**REQUIREMENT**: What are the lines, word for word, from the line with "Studio di due" up to and including the line with "9 FEET LONG" in the records below? Omit the pictures.

-- Opening Marker --

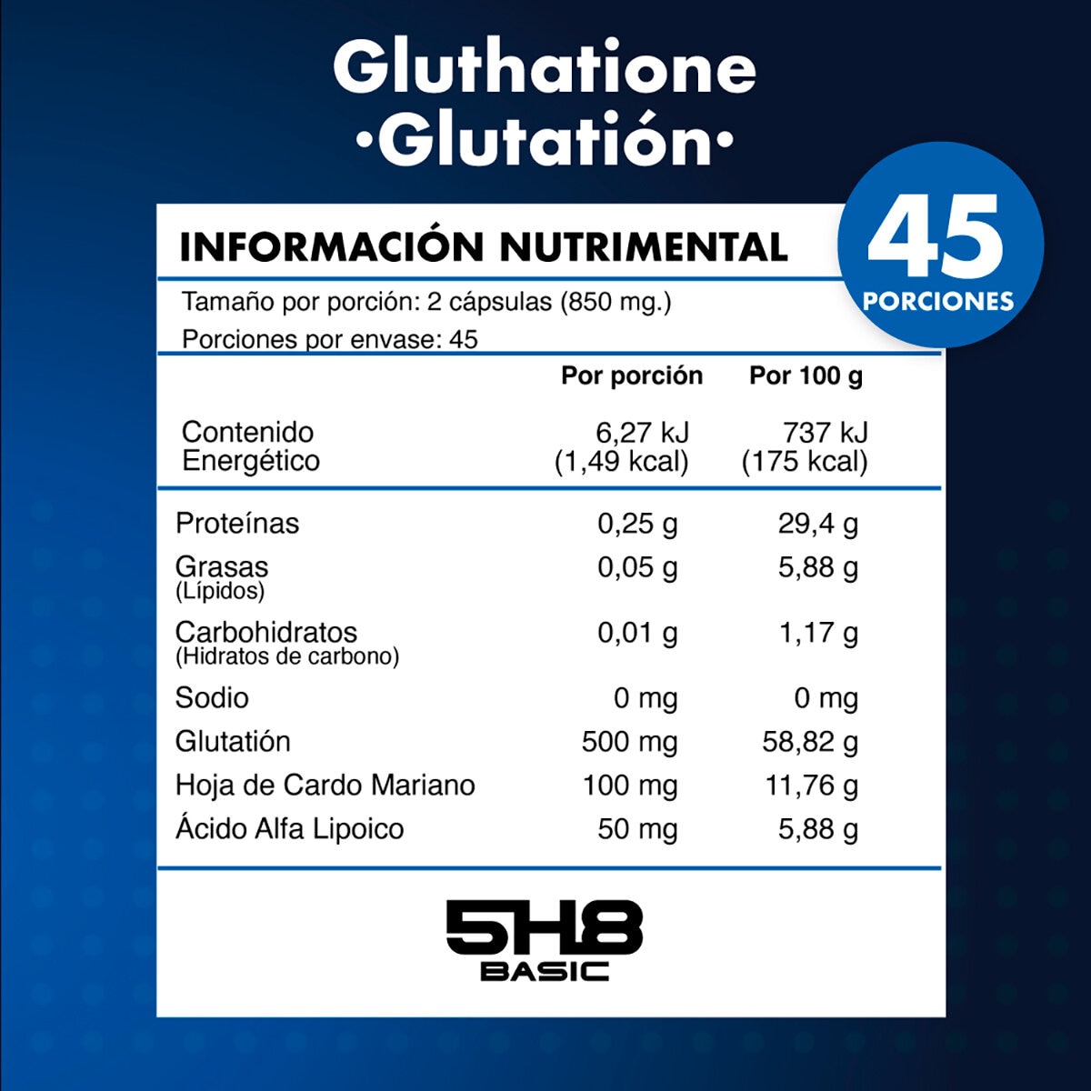 5H8 Glutatión con Cardo Mariano y Ácido Alfa Lipoico 90 Cápsulas
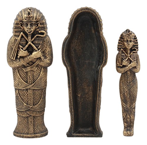Ebros Gift - تابوت ملك فرعون مصري قديم صغير بلمسة نهائية برونزية من ايبروس مع ادخال مومياء تمثال اثري بطول 5.5 انش مجموعة 3 قطع جيفت مادة صمغية، من ايبروس جيفت
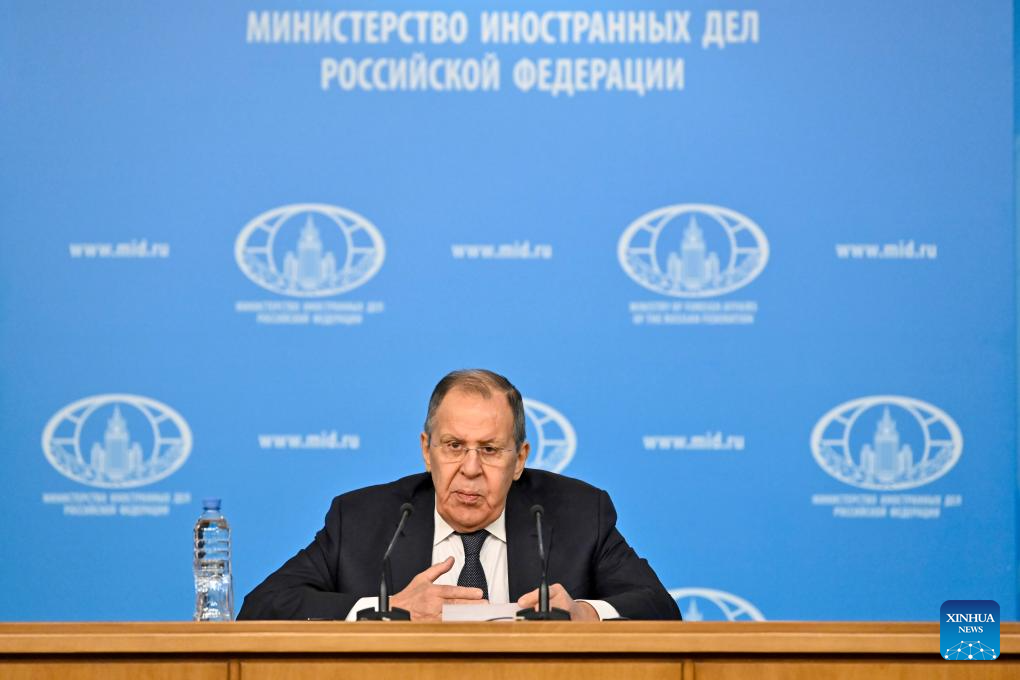 Russian Foreign Minister Sergei Lavrov answers questions during his annual press conference in Moscow, Russia, Jan. 20, 2026. (Photo by Alexander Zemlianichenko Jr/Xinhua)
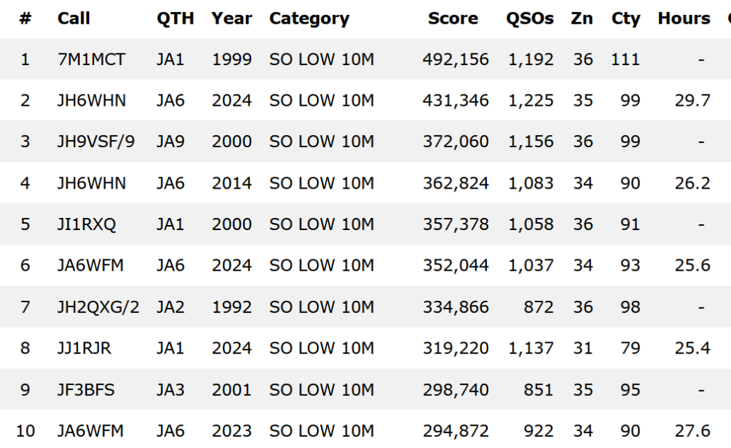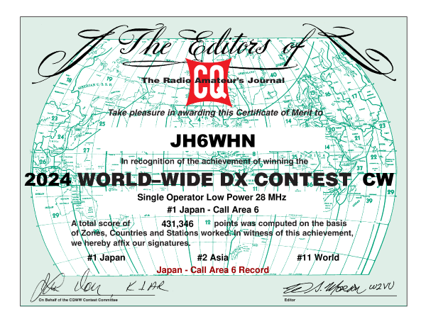 2024 WW CW 結果 投稿者:jh6whn 投稿公開日:2025年3月11日 投稿カテゴリー:10m / CONTEST 投稿コメント:0件のコメント RTTYが発表されたら続いてCWも結果が発表されました。Rawから順位は変わらずでした。2014年の自己最高得点を7万点弱上回り10m LOW部門での歴代2位となりました。しかし、Worldベスト10にはなかなか入れず今回も11位でした。RAW467775 →431346で3万点以上の減点。LCRを見て反省が必要の様です。 おすすめ 2025 RDXC 2025年7月26日 2022 IOTA TEST 2022年7月31日 2024 WPX RTTY結果 2024年3月31日 コメントを残す コメントをキャンセルコメントEnter your name or username to comment Enter your email address to comment Enter your website URL (optional) 次回のコメントで使用するためブラウザーに自分の名前、メールアドレス、サイトを保存する。
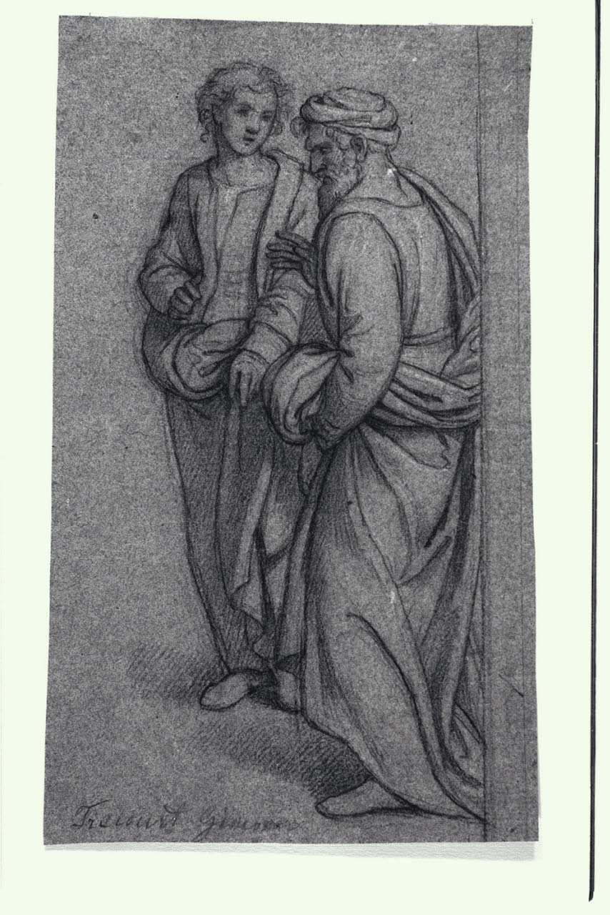 Studio di due figure maschili drappeggiate per una composizione di soggetto sacro
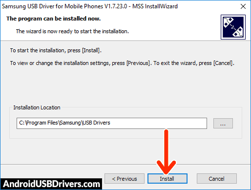 - In the next screen, you'll be asked to select the Installation Location. We recommend installing Samsung Mobile Drivers to the default location (C:\Program Files\SAMSUNG\USB Drivers).
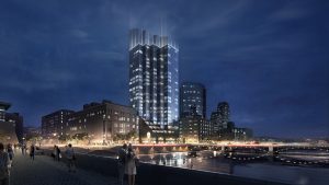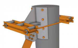 Przedmiotem projektu jest stal wsporcza dla masztów tymczasowych na wschodniej elewacji Amway Grand Plaza Hotel. Budynek ten przechodził kompleksową renowacje, w tym wymianę szkła na elewacji. Prezentowane konstrukcje to zestaw dwóch niezależnych platform, zawieszonych na kotwach osadzonych w istniejącej konstrukcji żelbetowej budynku. Największym wyzwaniem podczas pracy na modelu okazały się blachy montażowe, w tym blachy zakrzywione, dopasowane do kształtu okrągłego słupa żelbetowego.
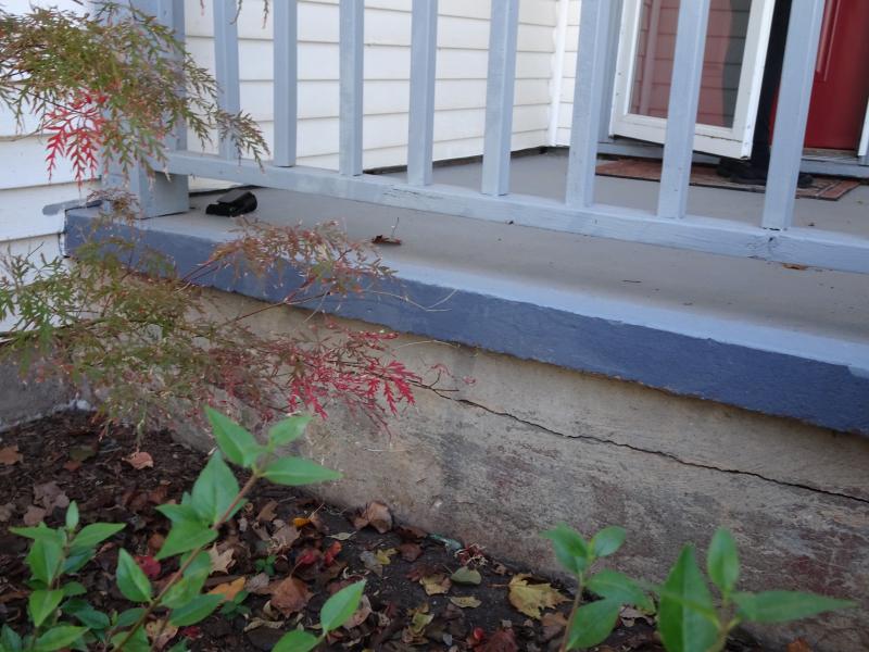 9 FEET LONG HORIZONTAL CRACK IN CONCRETE FOUNDATION. (PORCH)
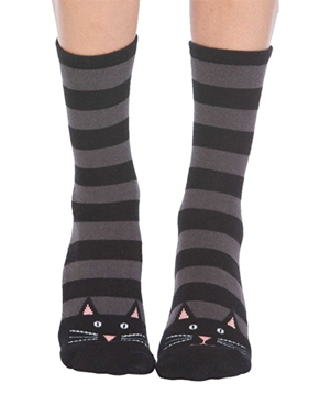 These black and grey slipper socks feature cute black cat faces, they have non-slip soles, and one size fits all.

-- Closing Marker --

**SOLUTION TO THE PROBLEM**:
 Studio di due figure maschili drappeggiate per una composizione di soggetto sacro
 - In the next screen, you'll be asked to select the Installation Location. We recommend installing Samsung Mobile Drivers to the default location (C:\Program Files\SAMSUNG\USB Drivers).
 Przedmiotem projektu jest stal wsporcza dla masztów tymczasowych na wschodniej elewacji Amway Grand Plaza Hotel. Budynek ten przechodził kompleksową renowacje, w tym wymianę szkła na elewacji. Prezentowane konstrukcje to zestaw dwóch niezależnych platform, zawieszonych na kotwach osadzonych w istniejącej konstrukcji żelbetowej budynku. Największym wyzwaniem podczas pracy na modelu okazały się blachy montażowe, w tym blachy zakrzywione, dopasowane do kształtu okrągłego słupa żelbetowego.
 9 FEET LONG HORIZONTAL CRACK IN CONCRETE FOUNDATION. (PORCH)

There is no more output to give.